Lacking responses to endurance training (ET) have been observed for several variables. However, detailed analyses of individuals' responses are scarce. To learn more about the variability of ET adaptations, patterns of response were analyzed for each subject in a 1-year ET study. Eighteen participants [42±5 years, body mass index: 24±3 kg/m2, maximal oxygen uptake (VO2max): 38±5 mL/min/kg] completed a 1-year jogging/walking program on 3 days/week, 45 min/session at 60% heart rate (HR) reserve. VO2max, resting HR (rHR), exercise HR (eHR) and individual anaerobic threshold (IAT) were determined by treadmill and cycling ergometry respectively. Intraindividual coefficients of variation were extracted from the literature to distinguish random changes from training responses. Eight participants showed improvements in all variables. In 10 participants, one or two variables did not improve (VO2max, rHR, eHR and IAT remained unchanged in four, four, three and one cases, respectively). At least one variable improved in each subject. Data indicate that ET adaptations might be detected in each individual using multiple variables of different adaptation levels and intensity domains. Nonresponse seems to occur frequently and might affect all variables. Further studies should investigate whether nonresponders improve with altered training. Furthermore, associations between patterns of nonresponse and health benefits from ET are worth considering.

Epidemiological studies indicate that a high endurance capacity is associated with a low risk of cardiovascular disease (Sandvik et al., 1993; Myers et al., 2002) and risk reduction might even be more strongly associated with fitness improvements than with physical activity alone (Williams, 2001; Myers et al., 2004; Sassen et al., 2009). Training-induced changes in endurance capacity vary considerably between individuals (Bouchard & Rankinen, 2001). Several previous studies have shown that a proportion of subjects demonstrated little or no improvements in maximal oxygen uptake (VO2max), maximal work rate, submaximal exercise heart rate (eHR), submaximal respiratory exchange ratio or insulin sensitivity despite regular endurance training (ET) (Prud'homme et al., 1984; Kohrt et al., 1991; Bouchard et al., 1999; Skinner et al., 2001; Boulé et al., 2005; Hautala et al., 2006; Vollaard et al., 2009).

Nevertheless, systematic individual analyses of lacking training responses are scarce. Bouchard and Rankinen (2001) demonstrated in the HERITAGE Family Study that after 20 weeks of ET, nonresponders existed for different variables. However, it remained unclear whether these nonresponders were identical subjects for all variables. Vollaard et al. (2009) recently analyzed the magnitude of individual changes in eight variables after 6 weeks of ET. VO2max low responders were not consistently low responders for other variables, but again, it was not apparent how many variables remained unchanged in each individual. To gain greater knowledge of the interindividual variability of training responses, it seems important to analyze individual patterns of nonresponse in more detail.

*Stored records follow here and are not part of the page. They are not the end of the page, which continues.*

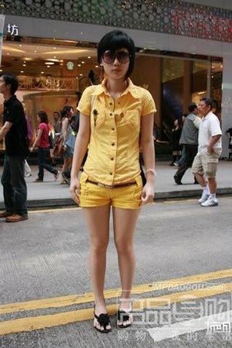 黄色短裤搭配黄色衬衫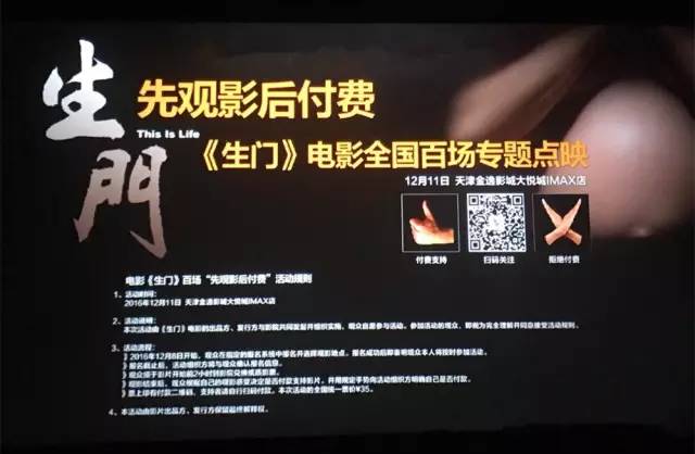 同样走“呼吁”路线的纪录电影《生门》的处境则更为尴尬。这部讲述“新生命孕育”的纪实故事,在点映场曾引发不少观众强烈感触甚至“泪奔”,但这部在贺岁档上映的电影同样遭遇低排片的市场窘境。中国院线“三剑客”高军、吴鹤沪、赵军曾发表联名公开信,表示电影《生门》将展开“先看后付款”一百场点映活动,观众可到指定影院观影,并可在放映结束后自主决定付或者不付票款。遗憾的是,这样的举动并未引起市场太多的反响,截止1月4日该片票房仅为101万元。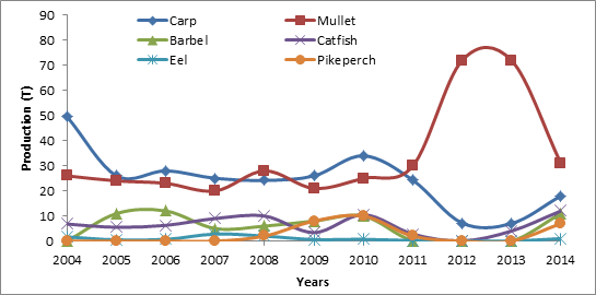 Figure 7 Production by species in Sidi Saad Reservoir between 2004 and 2014.14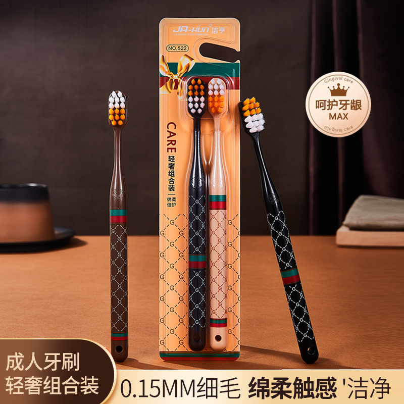 【2本入】爆品軽豪華歯ブラシ家庭用超軟毛成人ワイドヘッド携帯プリントハンドルクロスボーダー歯ブラシ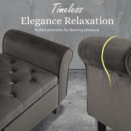 La Bella Storage Ottoman Bench Seat 132cm Chest Arm Couch Stool Velvet - Grey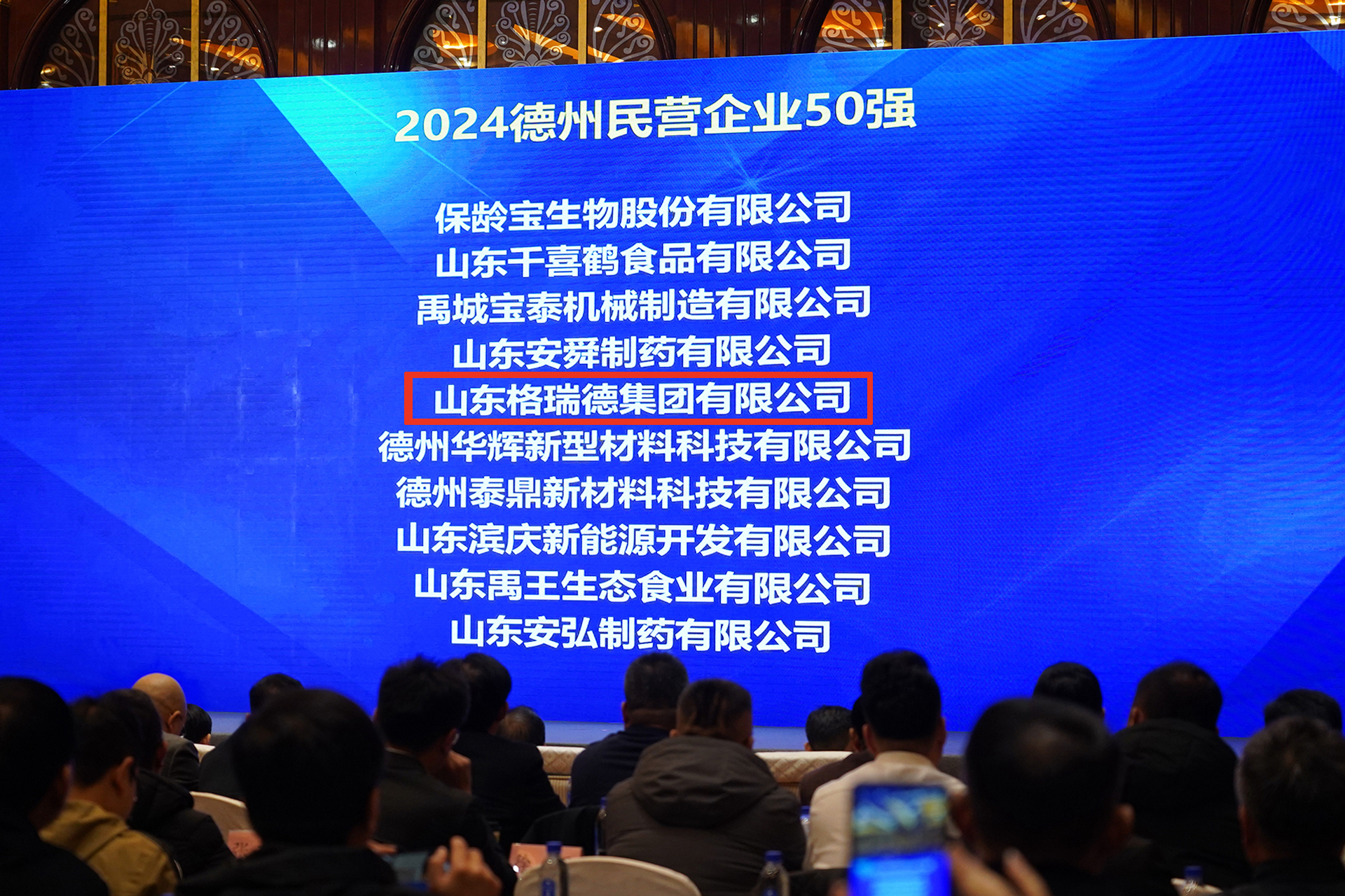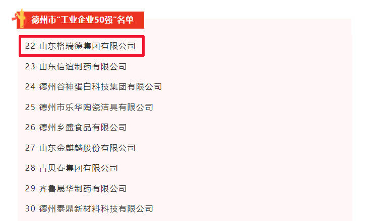 2月,德州市民营经济高质量发展暨优化营商环境大会召开。格瑞德集团凭借卓越的企业实力和持续的创新发展荣登德州市“工业企业50强”榜单。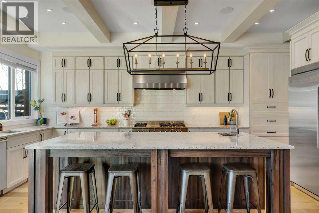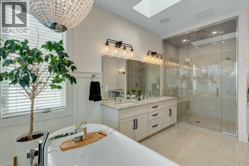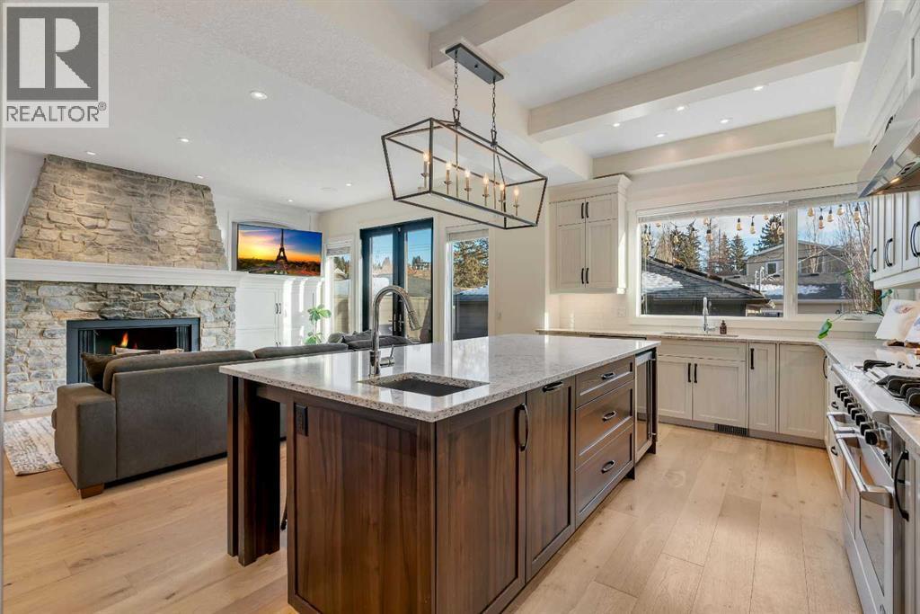 An exceptional craftsman home that masterfully blends timeless design with one of Calgary’s most sought-after NW enclaves in Bowness. A welcoming front porch sets the tone, leading into a home finished with engineered hardwood flooring throughout the main and upper levels. Just off the entry, a private office provides an ideal workspace. The heart of the home is the expansive living room, anchored by a striking stone fireplace that invites both quiet evenings and elegant entertaining.The chef’s kitchen is nothing short of spectacular, featuring a massive centre island, commercial-grade appliances, and a butler’s pantry with a second dishwasher that seamlessly connects to the dining room, making hosting effortless and refined.Upstairs, retreat to a stunning primary bedroom with dual walk-in closets and a serene ensuite complete with a freestanding tub and luxurious steam shower. The upper laundry room is thoughtfully designed for busy families with two sets of washers and dryers. Two additional generously sized bedrooms, each with its own ensuite and walk-in closet, complete this level.The basement is an entertainer’s dream, offering a large family room with projector, wet bar, a games area, and eye catching wine storage feature. Comfort is enhanced with in-slab hydronic heating. Two additional bedrooms provide flexibility as guest rooms, flex space or as a home gym. Outdoor living is just as impressive, with a deck off the living room and a low-maintenance landscaped backyard with raised gardens and irrigation. The oversized, heated detached garage is equipped for EV charging, while the home’s 8kW solar array and dual Tesla Powerwall batteries underscore its commitment to energy efficiency and modern living.This is a rare opportunity to own a meticulously crafted, thoughtfully upgraded home where elegance, comfort, and sustainability come together, just moments from parks, pathways, and the Bow River. (id:6769)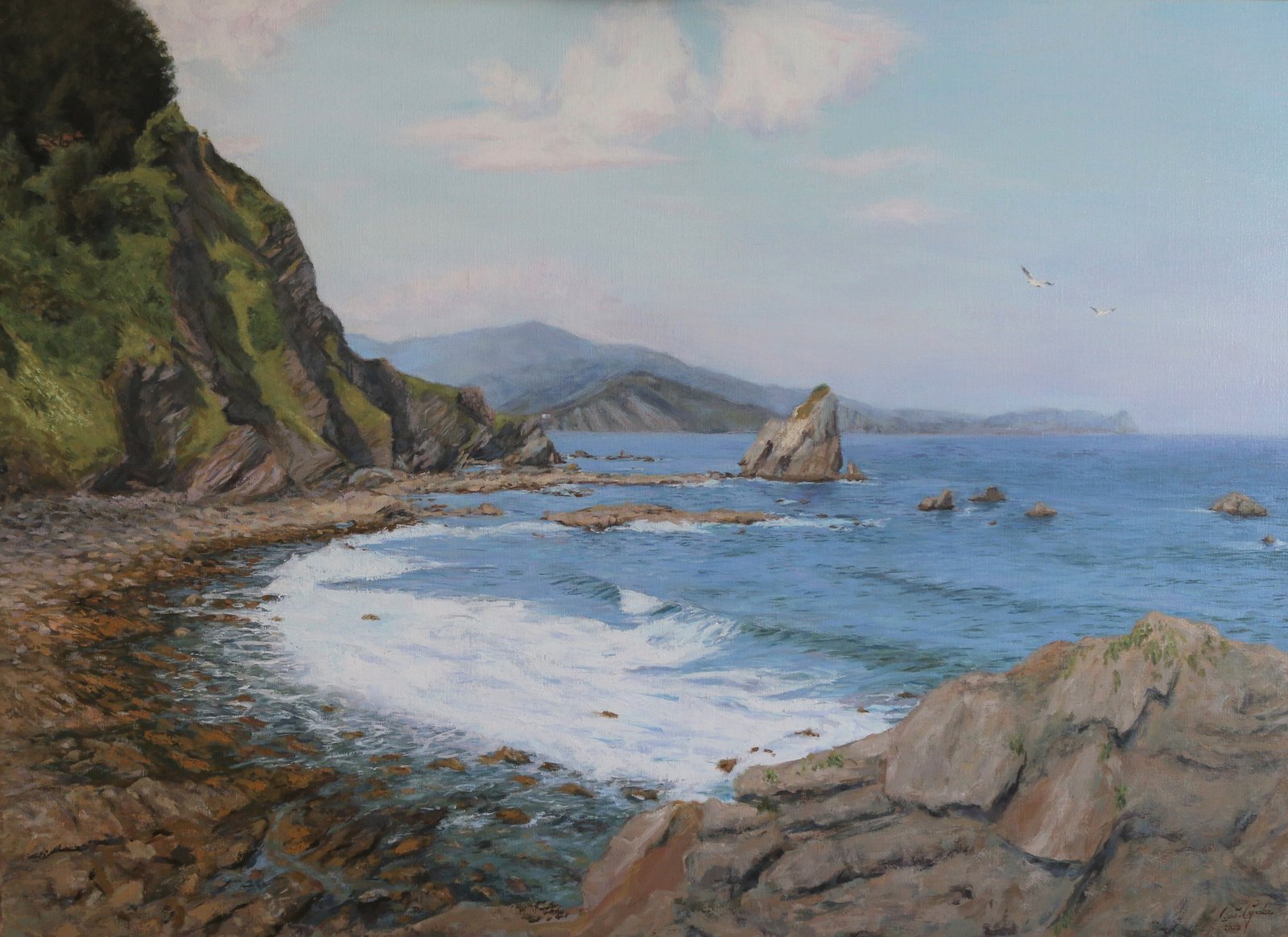 Mar de EnsueñoPaisajes Óleo sobre lino 100 x 73 cm En San Juan de Gaztelugache en la localidad vizcaína de Bermeo se encuentra una fortaleza de rocas y oleaje, un mar con mucha fuerza y grandioso, un mar soñado.

In some previous studies, a fixed proportion of subjects with the lowest training response were considered low responders, irrespective of the magnitude of their adaptations (Timmons et al., 2005; Vollaard et al., 2009). Other authors used the term nonresponder without defining it (Bouchard et al., 1999; Skinner et al., 2001). As small endurance changes within the day-to-day variability of a variable cannot be considered a worthwhile training-induced change, nonresponders should be defined as individuals who improve by not more than the biological variability of the respective variable.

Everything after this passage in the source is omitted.